I am experiencing network data corruption with a 3Com 3C996B-T NIC
(Broadcom NetXtreme BCM5701; driver tg3.ko). I have identified the
following patch as the trigger:
commit fb93134dfc2a6e6fbedc7c270a31da03fce88db9
Author: Herbert Xu <herbert@gondor.apana.org.au>
Date: Wed Nov 14 15:45:21 2007 -0800
[TCP]: Fix size calculation in sk_stream_alloc_pskb
We round up the header size in sk_stream_alloc_pskb so that
TSO packets get zero tail room. Unfortunately this rounding
up is not coordinated with the select_size() function used by
TCP to calculate the second parameter of sk_stream_alloc_pskb.
As a result, we may allocate more than a page of data in the
non-TSO case when exactly one page is desired.
In fact, rounding up the head room is detrimental in the non-TSO
case because it makes memory that would otherwise be available to
the payload head room. TSO doesn't need this either, all it wants
is the guarantee that there is no tail room.
So this patch fixes this by adjusting the skb_reserve call so that
exactly the requested amount (which all callers have calculated in
a precise way) is made available as tail room.

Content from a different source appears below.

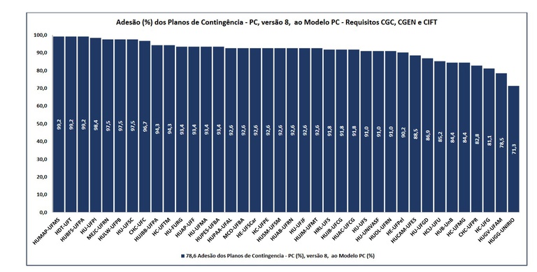 No ano de 2022 foi solicitada a atualização versão 8 do Plano de Contingência. O plano do Hospital Universitário Maria Aparecida Pedrossian, da Universidade Federal de Mato Grosso do Sul (Humap-UFMS/Ebserh), recebeu destaque por ter o maior alto grau de adesão ao modelo que foi proposto pela rede Ebserh, com 99,2%, empatando na primeira colocação com o Hospital de Doenças Tropicais, da Universidade Federal do Tocantins (HDT-UFT) e Hospital Universitário Bettina Ferro de Souza, da Universidade Federal do Pará (HUBFS-UFPA).

Signed-off-by: Herbert Xu <herbert@gondor.apana.org.au>
Signed-off-by: David S. Miller <davem@davemloft.net>
This patch was included in 2.6.24 and 2.6.23.4 -stable. I am
experiencing data corruption with kernels 2.6.23.4 - 2.6.23.16, 2.6.24 -
2.6.24.2, and 2.6.25-rc2-git1. I have verified that reverting the above
patch (by hand) makes the data corruption go away on all affected
kernels (note that in 2.6.25 the function is sk_stream_alloc_skb() in
net/ipv4/tcp.c rather than sk_stream_alloc_pskb() in include/net/sock.h).
(Also note that when testing 2.6.23 - 2.6.23.4, I had to apply the
individual patch "TG3: Fix performance regression on 5705." from 2.6.23.5.)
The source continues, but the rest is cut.